= Superconducting electric machine =

Type of electromechanical device

Superconducting electric machines are electromechanical systems that rely on the use of one or more superconducting elements. Since superconductors have no DC resistance, they typically have greater efficiency. The most important parameter that is of utmost interest in superconducting machine is the generation of a very high magnetic field that is not possible in a conventional machine. This leads to a substantial decrease in the motor volume; which means a great increase in the power density. However, since superconductors only have zero resistance under a certain superconducting transition temperature, T_{c} that is hundreds of degrees lower than room temperature, cryogenics are required.

==History==
DC homopolar machines are among the oldest electric machines.
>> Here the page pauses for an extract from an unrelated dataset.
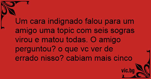 Um cara indignado falou para um amigo uma topic com seis sogras virou e matou todas. O amigo perguntou? o que vc ver de errado nisso? cabiam mais cinco
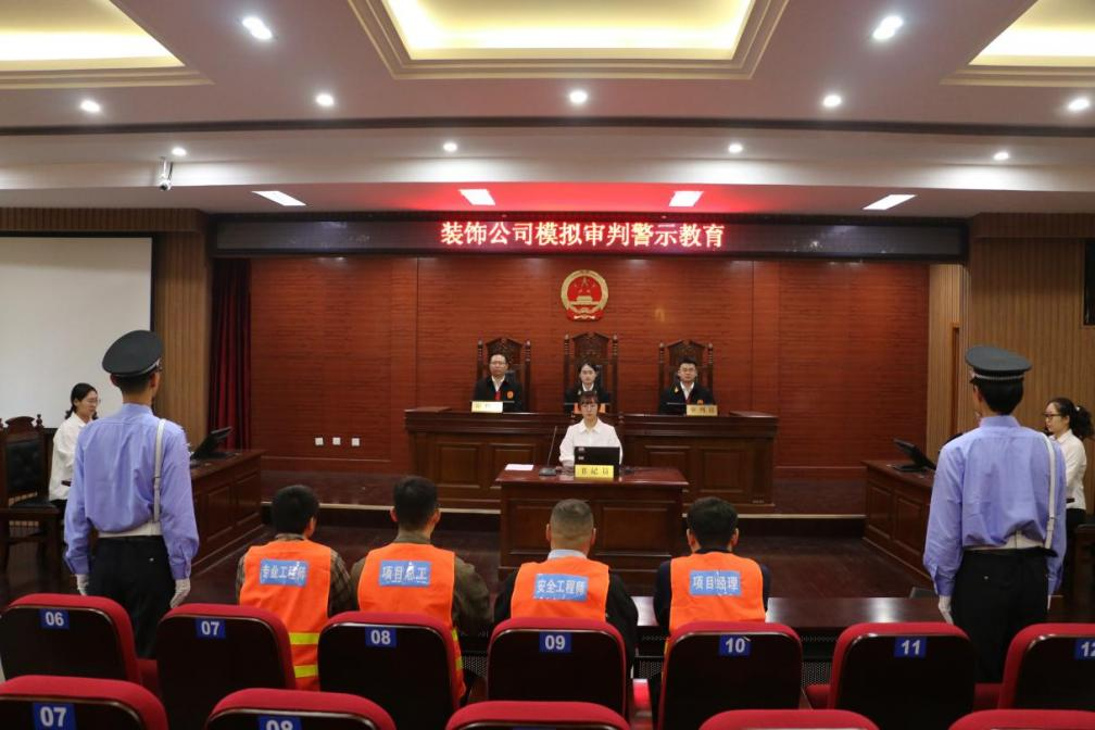 11月14日,SUNBET申博和中建八局第二建设有限公司装饰公司在J14模拟法庭联合举办模拟审判警示教育活动。

Michael Faraday made a Homopolar motor in 1831. Superconducting DC homopolar machines use superconductors in their stationary field windings and normal conductors in their rotating pickup winding. In 2005 the General Atomics company received a contract for the creation of a large low speed superconducting homopolar motor for ship propulsion. Superconducting homopolar generators have been considered as pulsed power sources for laser weapon systems. However, homopolar machines have not been practical for most applications.

In the past, experimental AC synchronous superconducting machines were made with rotors using low-temperature metal superconductors that exhibit superconductivity when cooled with liquid helium. These worked, however the high cost of liquid helium cooling made them too expensive for most applications.
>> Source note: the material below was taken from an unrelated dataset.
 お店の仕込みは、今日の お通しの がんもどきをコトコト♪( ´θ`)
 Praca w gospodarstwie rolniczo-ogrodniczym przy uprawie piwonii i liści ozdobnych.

More recently AC synchronous superconducting machines have been made with ceramic rotor conductors that exhibit high-temperature superconductivity. These have liquid nitrogen cooled ceramic superconductors in their rotors. The ceramic superconductors are also called high-temperature or liquid-nitrogen-temperature superconductors. Because liquid nitrogen is relatively inexpensive and easier to handle, there is a greater interest in the ceramic superconductor machines than the liquid helium cooled metal superconductor machines.

==Present interest==
Present interest in AC synchronous ceramic superconducting machines is in larger machines like the generators used in utility and ship power plants and the motors used in ship propulsion. American Superconductor and Northrop Grumman created and demonstrated a 36.5 MW ceramic superconductor ship propulsion motor.
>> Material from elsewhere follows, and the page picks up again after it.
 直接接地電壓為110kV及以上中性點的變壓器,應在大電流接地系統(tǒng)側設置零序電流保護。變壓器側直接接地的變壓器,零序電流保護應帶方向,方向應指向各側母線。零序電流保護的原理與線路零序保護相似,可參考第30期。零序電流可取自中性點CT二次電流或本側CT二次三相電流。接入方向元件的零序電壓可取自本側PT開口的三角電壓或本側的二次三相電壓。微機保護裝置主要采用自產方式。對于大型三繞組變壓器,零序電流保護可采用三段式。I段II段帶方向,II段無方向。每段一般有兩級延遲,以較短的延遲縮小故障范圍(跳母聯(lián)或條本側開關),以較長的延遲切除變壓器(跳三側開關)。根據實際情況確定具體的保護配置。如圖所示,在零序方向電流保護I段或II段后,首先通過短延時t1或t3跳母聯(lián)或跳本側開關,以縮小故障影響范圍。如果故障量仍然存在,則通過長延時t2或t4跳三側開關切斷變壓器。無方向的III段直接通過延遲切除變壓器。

Because they are light-weight and therefore offer lower tower and construction costs they are seen as a promising generator technology for wind turbines. With super conducting generators the weight and volume of generators could be reduced compared to direct drive synchronous generators, which could lead to lower costs of the whole turbine. First commercial turbines were expected to be installed approximately in 2020.

==Advantages and disadvantages of superconducting electric machines==

===Compared with a conventional conductor machine===
Superconducting electric machines typically have the following advantages:
1. Reduced resistive losses but only in the rotor electromagnet.
2. Reduced size and weight per power capacity without considering the refrigeration equipment.
There are also the following disadvantages:
1. The cost, size, weight, and complications of the cooling system.
2. A sudden decrease or elimination of motor or generator action if the superconductors leave their superconductive state.
3. A greater tendency for rotor speed instability. A superconducting rotor does not have the inherent damping of a conventional rotor. Its speed may hunt or oscillate around its synchronous speed.
4. Motor bearings need to be able to withstand cold or need to be insulated from the cold rotor.
5. As a synchronous motor, electronic control is essential for practical operation. Electronic control introduces expensive harmonic loss in the supercooled rotor electromagnet.

===High-temperature superconductors versus Low-temperature superconductors===
1. High-temperature superconductors (HTS) become superconducting at more easily obtainable liquid nitrogen temperatures, which is much more economical than liquid helium that is typically used in low-temperature superconductors.
2. HTS are ceramics, and are fragile relative to conventional metal alloy superconductors such as niobium-titanium.
3. Ceramic superconductors cannot be bolted or welded together to form superconducting junctions. Ceramic superconductors must be cast in their final shape when created. This may increase production costs.
4. Ceramic superconductors can be more easily driven out of superconductivity by oscillating magnetic fields. This could be a problem during transient conditions, as during a sudden load or supply change.